A comparison of item selection rules including precision, content, and exposure considerations at the early stages of computerized adaptive testing

It is well known that item selection at the early stages of a computerized adaptive test (CAT) is not as appropriate as it is at the later stages. Several new item selection rules have been proposed to improve early-stage item selection. Based on research, these new rules tend to improve item selection at the early stages of a CAT, especially at the extreme negative trait levels. Furthermore, the new rules perform as well as the Fisher information rule at the later stages of CATs. The apparent benefits of the new item selection rules, however, were observed in an idealistic CAT setting in which an information function was the only criterion used in item selection.
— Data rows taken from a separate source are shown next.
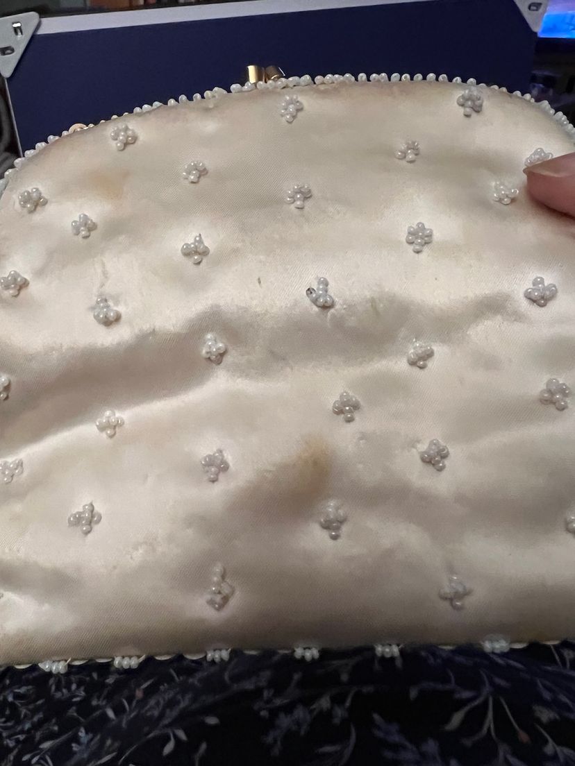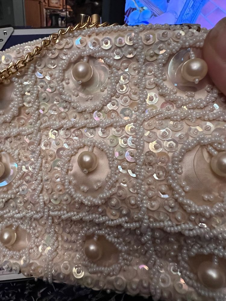 Elegant small Beaded and sequined purse with gold colored clasp and chain. Chain can be tucked inside. 6” x 5”
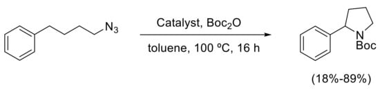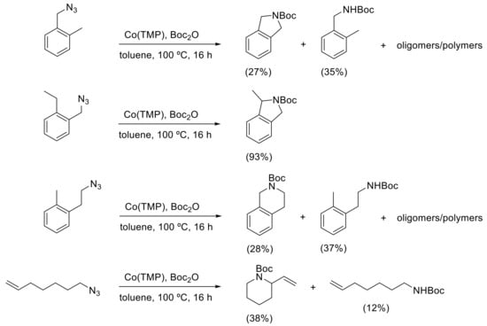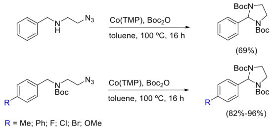 - Kuijpers, P.F.; Tiekink, M.J.; Breukelaar, W.B.; Broere, D.L.J.; van Leest, N.P.; van der Vlugt, J.I.; Reek, J.N.H.; de Bruin, B. Cobalt-Porphyrin-Catalysed Intramolecular Ring-Closing C-H Amination of Aliphatic Azides: A Nitrene-Radical Approach to Saturated Heterocycles. Chem. Eur. J. 2017, 23, 7945–7952. [Google Scholar] [CrossRef] [PubMed]
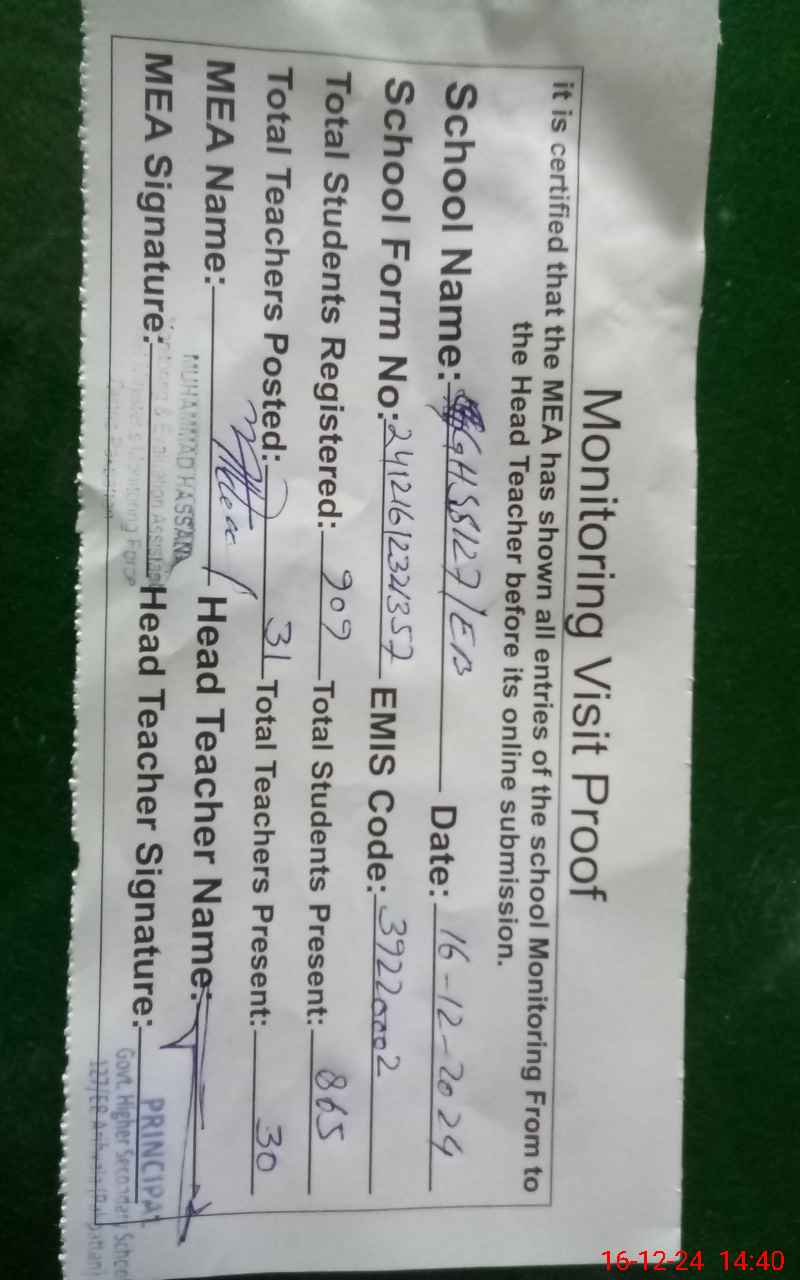 | EMIS Code: 39220002 | Name of School: GHSS 127/EB ARIFWALA | |||

In more realistic CAT situations, where content balancing and item exposure control are criteria for item selection in addition to an information function, the relationships among the item selection rules may be different. The purpose of this study was to compare the effects of four item selection rules-Fisher information (F), Fisher information with a posterior distribution (FP), Kullback-Leibler information with a posterior distribution (KP), and completely randomized item selection (RN)—with respect to the precision of trait estimation and the extent of item usage at the early stages of a CAT. The comparison of the four item selection rules was carried out under three conditions: (a) using only the item information function as the item selection criterion; (b) using both the item information function and content balancing; and (c) using the item information function, content balancing, and item exposure control. Based on this study, when test length was less than 10 items, FP and KP tended to outperform F when the only item selection criterion was item information. However, in realistic CAT settings that included content balancing and item exposure as item selection criteria, FP and KP did not significantly outperform the traditional Fisher information rule. When test length was greater than 10 items, the three item selection procedures performed similarly no matter what the item selection criteria were, and F yielded slightly higher item usage than FP or KP.